Dr Stone said MAF's approach to risk management of the outbreak has been to implement containment and decontamination on the three properties. This will involve destruction of birds, disposal of litter, and cleaning and disinfection of cages and surrounds.
"Pox viruses can survive for long periods in contaminated environments. It is also possible that infected birds may not necessarily exhibit any symptoms. There is no test that can satisfactorily determine the health status of the birds on the properties, so the difficult decision has been taken to destroy the birds," he said.
Geoff Hicks, Chief Technical Officer for the Department of Conservation (DOC) supports this action.
"Psittacine pox virus could have dire consequences for New Zealand's native parrot species. The Kakapo is already under threat and the impact on the Kaka, Kea and Kakariki could also be severe. Any risk to these indigenous species from the pox virus is unacceptable and we support MAF's response in every way," he said.
Psittacine pox can either be spread by contact between captive birds and wild birds, biting insects or direct contact within populations of introduced wild parrots. Infection can also be spread within caged bird populations, through bird sales and shows, humans contact, and infected equipment.
Symptoms vary between a wet and dry form of the disease. Dry symptoms include nodules on the unfeathered parts of the skin, the ceres, around the eyes and feet. The nodules form blisters that erupt to scabby erosions. Secondary infections may delay eventual healing, but mortality in this form is low.
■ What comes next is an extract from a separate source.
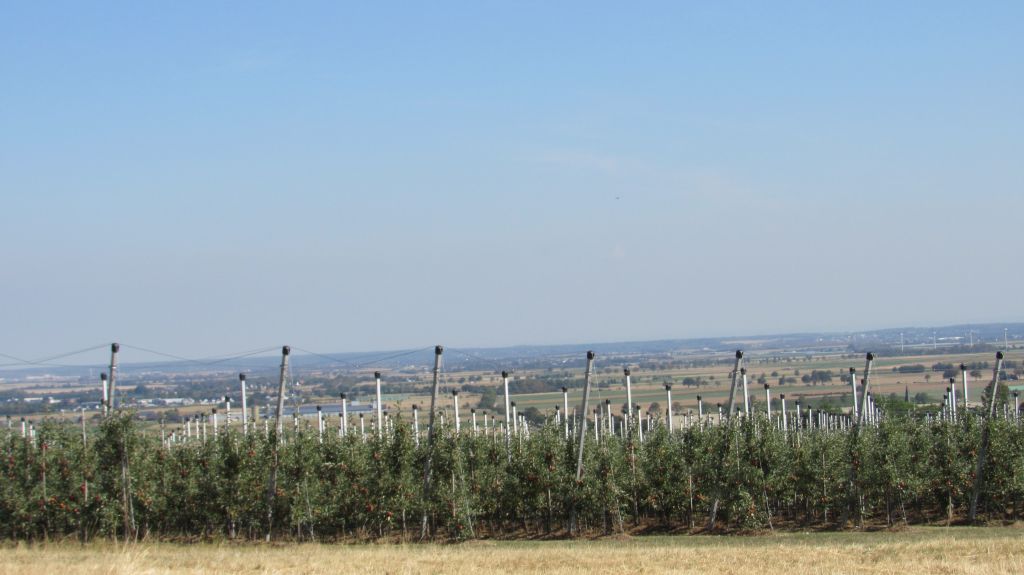 Direkt neben den Apfelplantagen, die schöne rote Äpfel haben.

The wet form causes lesions on the mucous membranes of the mouth, eyes, and throat. White plaques will be seen on affected surfaces, with fluid effusions. The disease may become systemic, with internal lesions in the throat, gastro-intestinal tract, lungs and air sacs causing birds to be very ill and depressed.
Anybody who suspects their birds may have become infected with Psittacine pox should contact a veterinarian or MAF's Exotic Disease Hotline (0800-809-966). Depending on the description of clinical signs, samples to confirm diagnosis may be arranged.
MAF has developed a Psittacine pox information sheet which has been circulated through DOC, Regional Councils and conservation and aviculture associations.